Her coronet hairdo looks looser, not as tight and controlled as before (though it might be in the normal range of variation). I think it is no longer a queen’s crown (see Nanami’s character design). She has presumably lost her minions, who left her. Has Nanami lost ground because she dropped her rebellion and accepted the system? Or has she gained, because her rebellion was harmful? From the second Student Council interlude of the final showdown, I conclude that she is coping with her failed rebellion by refusing to face reality. She has not found a new way to rebel, but she may yet.
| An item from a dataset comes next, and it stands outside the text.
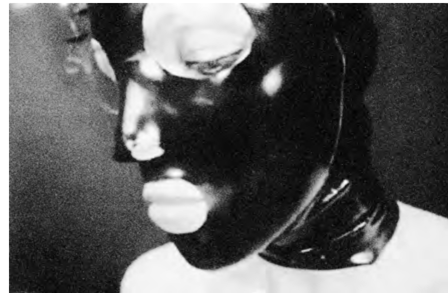
Ragusa Ibla #3, 46×30cm Nikon FM2 + ILFORD DELTA 3200 Tiratura: 4/4 digitale + 1 analogico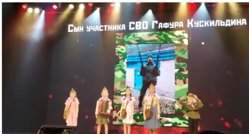
Выступление на благотворительном концерте «Если дорог тебе твой дом»

Nanami’s minions. We’re not given new information about the minions, but if Nanami has given up on seeking power then they were presumably successful in getting free of her. Nanami learned that Akio’s control is bad, and her minions learned that Nanami’s control is bad. Maybe someday they’ll learn about Touga. The nerd trio Suzuki, Yamada, Tanaka has given up on chasing Nanami, who looks down on them. They chase the ex-minions instead. The ordinary boys should realistically have a chance to couple up with ordinary girls, and I have to count it as progress. But it’s not much progress. The minions may be ordinary, but they want Touga who is special.
Mostly unfinished.
Anthy walking away. After Anthy leaves the academy, the ending credits show her walking away. The scenery is shown as backdrops with Anthy’s shadow falling on them, not as real places that she walks through: They are metaphors for where she is going, not a literal depiction. The technique is the same as in the original prince story in episode 1, and reminds me of the Swiss landscape in episode 16. The backdrops are sky at first, then bare trees, then a path through the countryside. The bare trees and the path were backgrounds in the prince story. She is symbolically following the path that the prince followed, seeking her own prince, who is no longer Dios but Utena.
Anthy carries her suitcase at her side in one hand. She has dropped the Academy’s stylized (as in Takarazuka) “female” posture of holding her hands together in front of her. That’s how she habitually carried her school briefcase.
Anthy’s hair is no longer rolled up tightly, but free for her new freedom. But seeking her prince implies that she still lives in the storybook world. On the other hand, nothing says that she won’t find the real world at the end of her journey.